TASK ITEM —
The lines below must be transcribed exactly as given, with the images removed.

THE DATA —
########################################

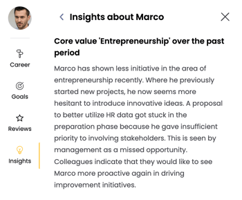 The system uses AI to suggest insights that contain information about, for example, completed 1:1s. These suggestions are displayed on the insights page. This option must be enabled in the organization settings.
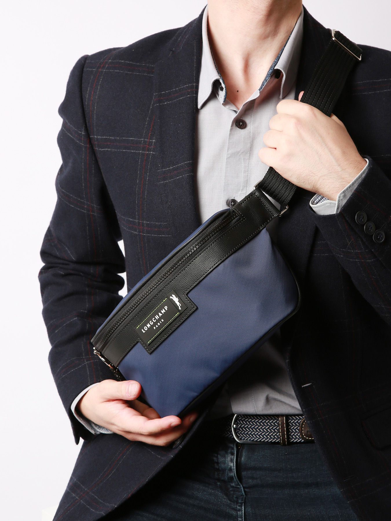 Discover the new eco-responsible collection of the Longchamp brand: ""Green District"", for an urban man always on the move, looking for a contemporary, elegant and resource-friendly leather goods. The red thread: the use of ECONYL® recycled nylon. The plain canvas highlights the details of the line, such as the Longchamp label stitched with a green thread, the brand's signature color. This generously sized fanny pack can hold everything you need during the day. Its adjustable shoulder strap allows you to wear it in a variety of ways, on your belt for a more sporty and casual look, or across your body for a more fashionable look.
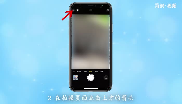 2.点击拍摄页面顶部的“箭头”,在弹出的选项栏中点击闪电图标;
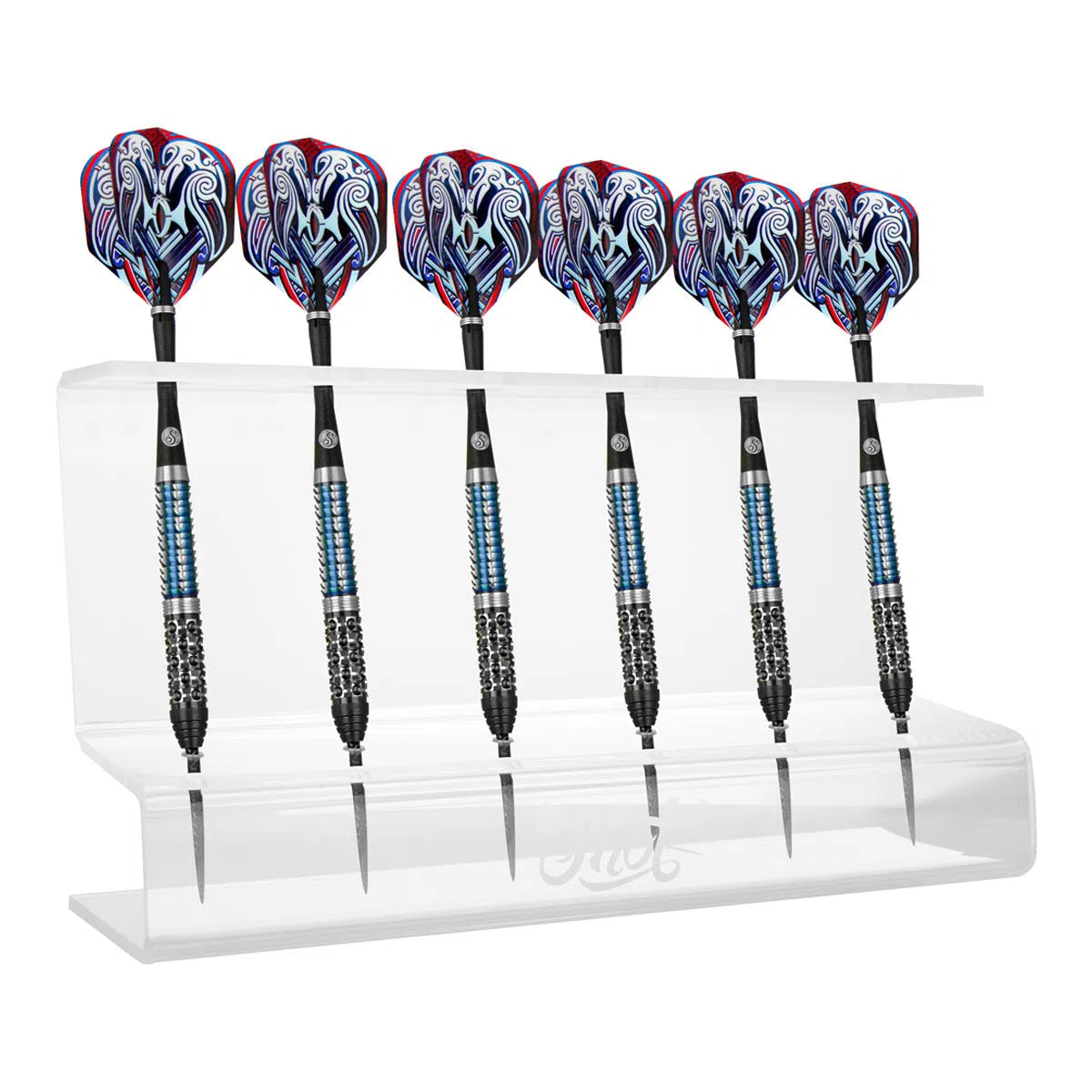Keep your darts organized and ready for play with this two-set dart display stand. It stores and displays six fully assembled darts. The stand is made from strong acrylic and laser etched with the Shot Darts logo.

########################################

ANSWER TO THIS EXERCISE —
 The system uses AI to suggest insights that contain information about, for example, completed 1:1s. These suggestions are displayed on the insights page. This option must be enabled in the organization settings.
 Discover the new eco-responsible collection of the Longchamp brand: ""Green District"", for an urban man always on the move, looking for a contemporary, elegant and resource-friendly leather goods. The red thread: the use of ECONYL® recycled nylon. The plain canvas highlights the details of the line, such as the Longchamp label stitched with a green thread, the brand's signature color. This generously sized fanny pack can hold everything you need during the day. Its adjustable shoulder strap allows you to wear it in a variety of ways, on your belt for a more sporty and casual look, or across your body for a more fashionable look.
 2.点击拍摄页面顶部的“箭头”,在弹出的选项栏中点击闪电图标;
Keep your darts organized and ready for play with this two-set dart display stand. It stores and displays six fully assembled darts. The stand is made from strong acrylic and laser etched with the Shot Darts logo.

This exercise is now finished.